WHAT TO DO: Sort through the entries below and pull out lines containing the word "that".

TASK MATERIAL:
----------
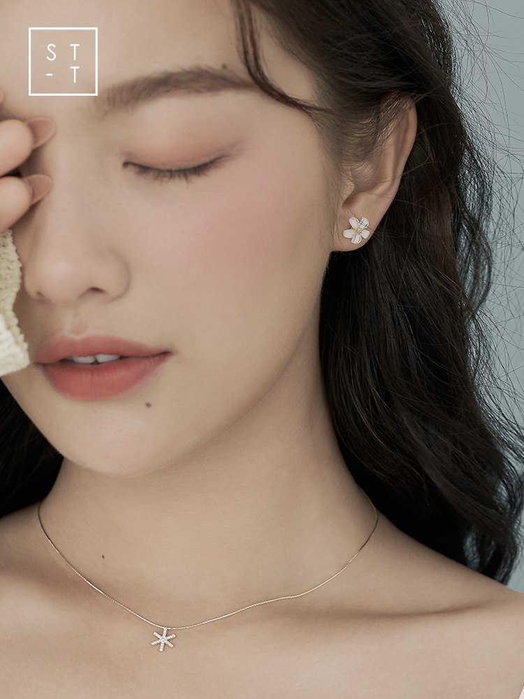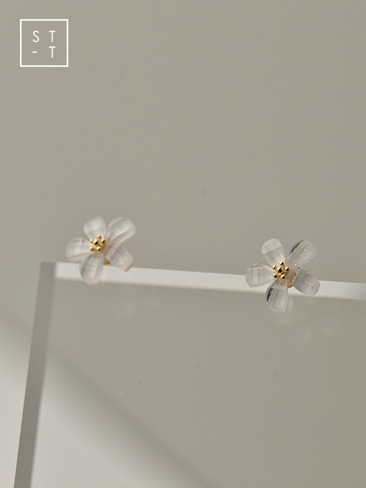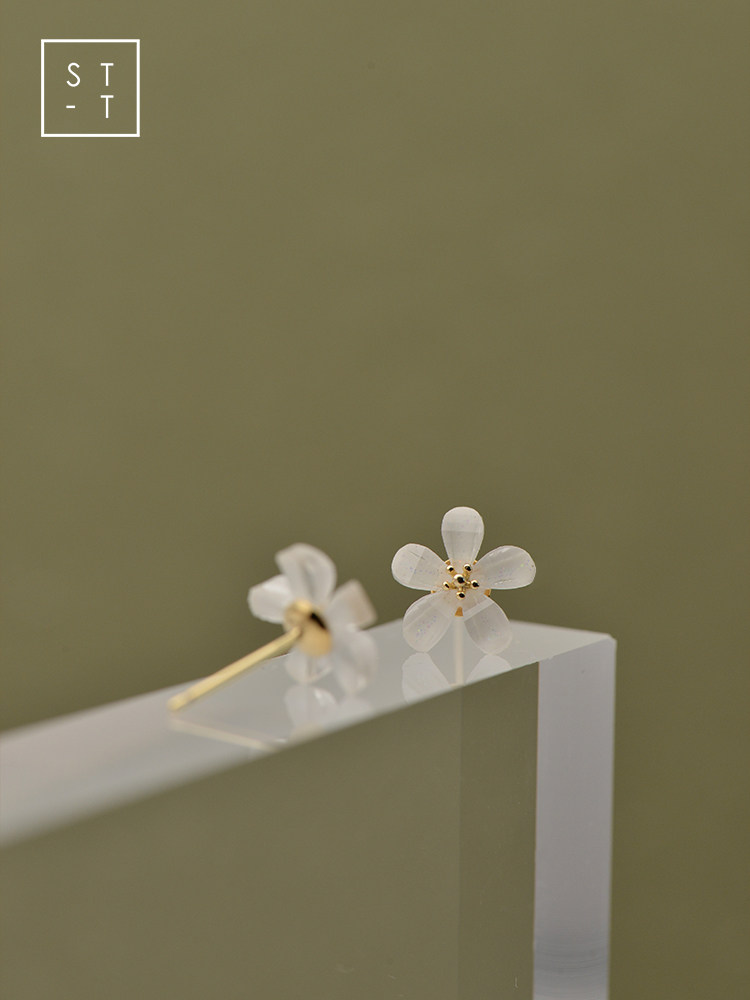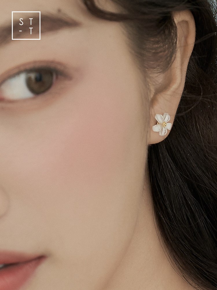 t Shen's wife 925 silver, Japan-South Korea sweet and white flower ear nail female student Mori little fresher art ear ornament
----------
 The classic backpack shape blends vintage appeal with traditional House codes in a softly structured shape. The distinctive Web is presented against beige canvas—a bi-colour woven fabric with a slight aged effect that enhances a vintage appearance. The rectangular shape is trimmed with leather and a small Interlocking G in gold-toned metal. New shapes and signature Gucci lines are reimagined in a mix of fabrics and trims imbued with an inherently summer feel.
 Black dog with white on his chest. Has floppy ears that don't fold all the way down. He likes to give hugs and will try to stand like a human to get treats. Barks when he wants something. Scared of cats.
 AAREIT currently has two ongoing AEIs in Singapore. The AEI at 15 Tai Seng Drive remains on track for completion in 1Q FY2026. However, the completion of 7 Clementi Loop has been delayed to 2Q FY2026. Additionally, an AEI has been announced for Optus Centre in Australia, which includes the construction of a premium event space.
----------
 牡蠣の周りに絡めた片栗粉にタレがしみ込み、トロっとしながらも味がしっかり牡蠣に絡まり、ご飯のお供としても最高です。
----------
TASK ANSWER:
 The classic backpack shape blends vintage appeal with traditional House codes in a softly structured shape. The distinctive Web is presented against beige canvas—a bi-colour woven fabric with a slight aged effect that enhances a vintage appearance. The rectangular shape is trimmed with leather and a small Interlocking G in gold-toned metal. New shapes and signature Gucci lines are reimagined in a mix of fabrics and trims imbued with an inherently summer feel.
 Black dog with white on his chest. Has floppy ears that don't fold all the way down. He likes to give hugs and will try to stand like a human to get treats. Barks when he wants something. Scared of cats.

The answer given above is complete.